What the task asks: In the data below, set down exactly the lines from the one containing "Early 20th century additions" up to and including the one containing "A vibrant bouquet". Leave the pictures out.

Records supplied Block Start

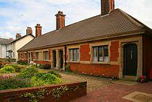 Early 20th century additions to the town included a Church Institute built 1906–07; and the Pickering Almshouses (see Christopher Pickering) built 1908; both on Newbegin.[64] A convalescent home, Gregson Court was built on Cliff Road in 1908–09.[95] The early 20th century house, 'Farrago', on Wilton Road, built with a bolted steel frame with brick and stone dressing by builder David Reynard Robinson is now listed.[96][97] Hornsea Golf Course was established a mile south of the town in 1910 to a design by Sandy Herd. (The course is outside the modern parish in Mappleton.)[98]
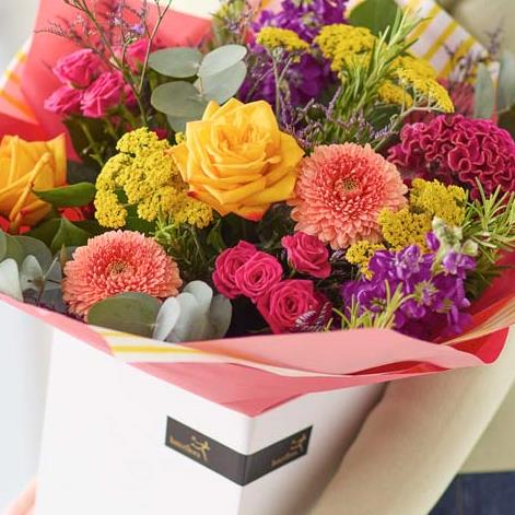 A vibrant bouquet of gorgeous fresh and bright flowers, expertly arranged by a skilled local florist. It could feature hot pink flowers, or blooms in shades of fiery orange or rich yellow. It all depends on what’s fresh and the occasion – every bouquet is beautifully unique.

Records supplied Block End
Records supplied Block Start

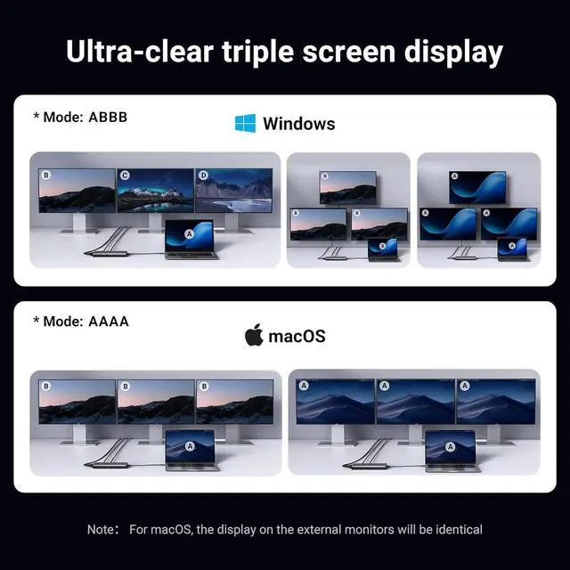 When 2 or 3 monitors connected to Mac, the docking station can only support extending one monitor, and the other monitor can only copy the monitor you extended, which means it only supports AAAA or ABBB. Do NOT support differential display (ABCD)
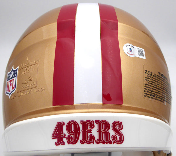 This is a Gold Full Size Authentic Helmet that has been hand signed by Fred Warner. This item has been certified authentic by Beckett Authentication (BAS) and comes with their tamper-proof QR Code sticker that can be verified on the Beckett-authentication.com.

Records supplied Block End

Answer to this task:
 Early 20th century additions to the town included a Church Institute built 1906–07; and the Pickering Almshouses (see Christopher Pickering) built 1908; both on Newbegin.[64] A convalescent home, Gregson Court was built on Cliff Road in 1908–09.[95] The early 20th century house, 'Farrago', on Wilton Road, built with a bolted steel frame with brick and stone dressing by builder David Reynard Robinson is now listed.[96][97] Hornsea Golf Course was established a mile south of the town in 1910 to a design by Sandy Herd. (The course is outside the modern parish in Mappleton.)[98]
 A vibrant bouquet of gorgeous fresh and bright flowers, expertly arranged by a skilled local florist. It could feature hot pink flowers, or blooms in shades of fiery orange or rich yellow. It all depends on what’s fresh and the occasion – every bouquet is beautifully unique.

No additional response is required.